At Chegg, we test the relevance of our search engine using customer data. We extract anonymous information about queries and clicks, then use that to automatically test improvements to search. When our search engine provides results that better match what our customers are choosing, we call that an improvement.
The most basic measurement of search quality is clickthrough rate. For each search page that is shown, how often is at least one search result clicked on? This fits well with overall website conversion, showing how search works in getting a visitor to a successful result.
We can take a more critical look at our search page by not counting all clicks equally. If we count less for clicks farther down the search result list, we can evaluate the search ranking. When visitors click on the top hit, count a full click. If they click farther down, count less than a full click. We penalize ourselves for not putting the most-desired item at the top of the list.
We do this with mean reciprocal rank (MRR). We weight each click with the reciprocal of the search result’s rank. Rank one (the top result) is scored as 1, rank 2 is scored as 1/2, rank three as 1/3, rank 4 as 1/4, and so on. Then we add those reciprocal ranks up and divide by the total to get the mean, thus mean reciprocal rank.

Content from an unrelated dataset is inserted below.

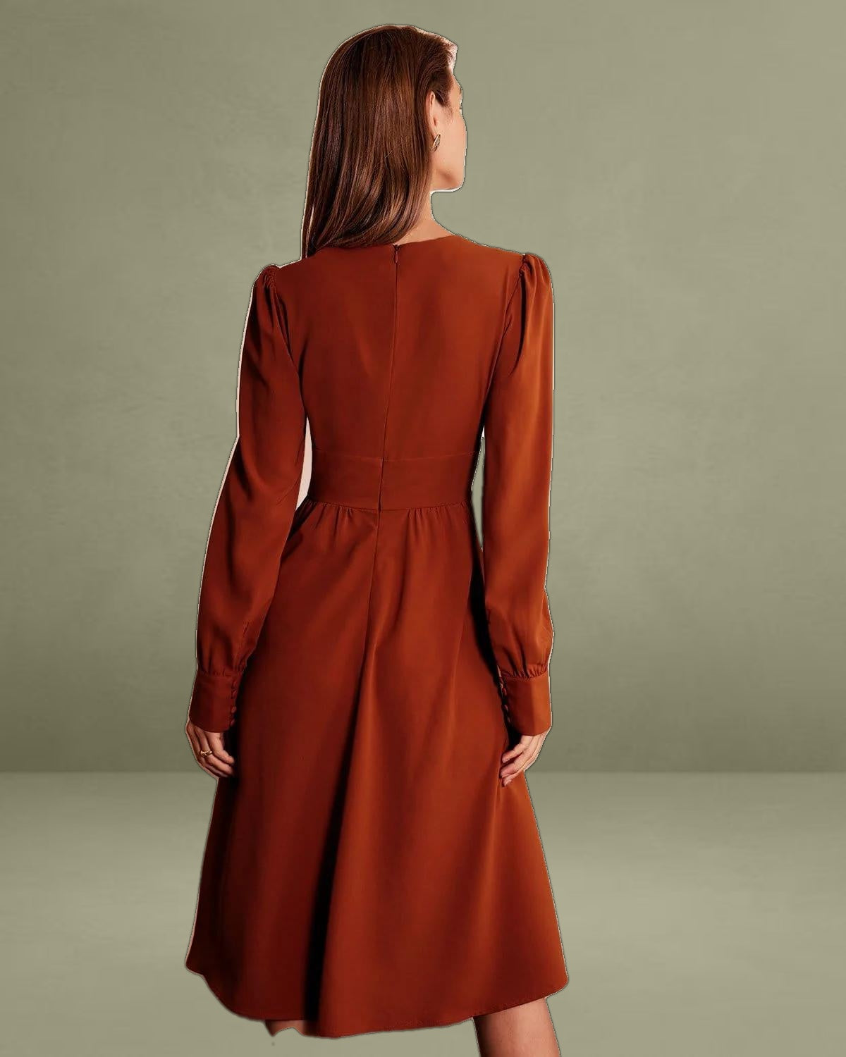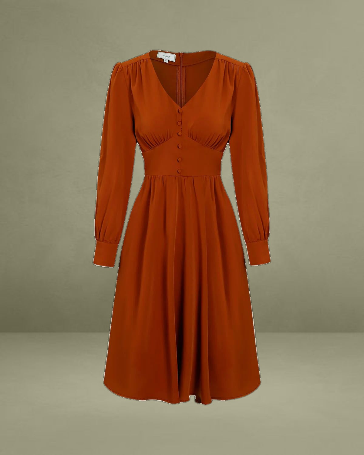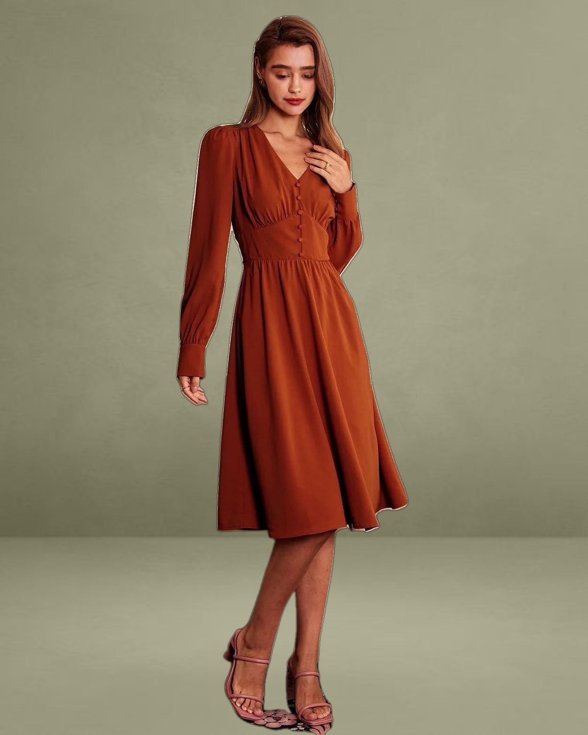 This V Neck Midi Dress is a perfect choice for any occasion. The high waisted, button and A Line design of the dress adds movement and flow, making it easy to wear and dance in. The ruched and pleated detail adds a feminine touch and makes this dress perfect for any occasion. Whether you're going out on a date or attending a formal event, this dress is sure to turn heads and make you feel fabulous.

You can also think of this as a weighted clickthrough, where clicks farther down the result list are given lower scores. MRR will always be equal to or lower than clickthrough rate.
When evaluating our search engine in test, we use clicks we have collected from the website and divide by the total number of clicks. A perfect score would be 1.0, but only if there was one correct answer for each query.
Though each customer’s search has one right answer, different customers have different right answers. The same course at different universities uses different textbooks, sometimes with the same name. Even if they use the same textbook, they may use different editions. Users who typed “financial accounting” at Chegg last winter clicked on 43 different books. That is a lot more than fit in the first page of ten hits.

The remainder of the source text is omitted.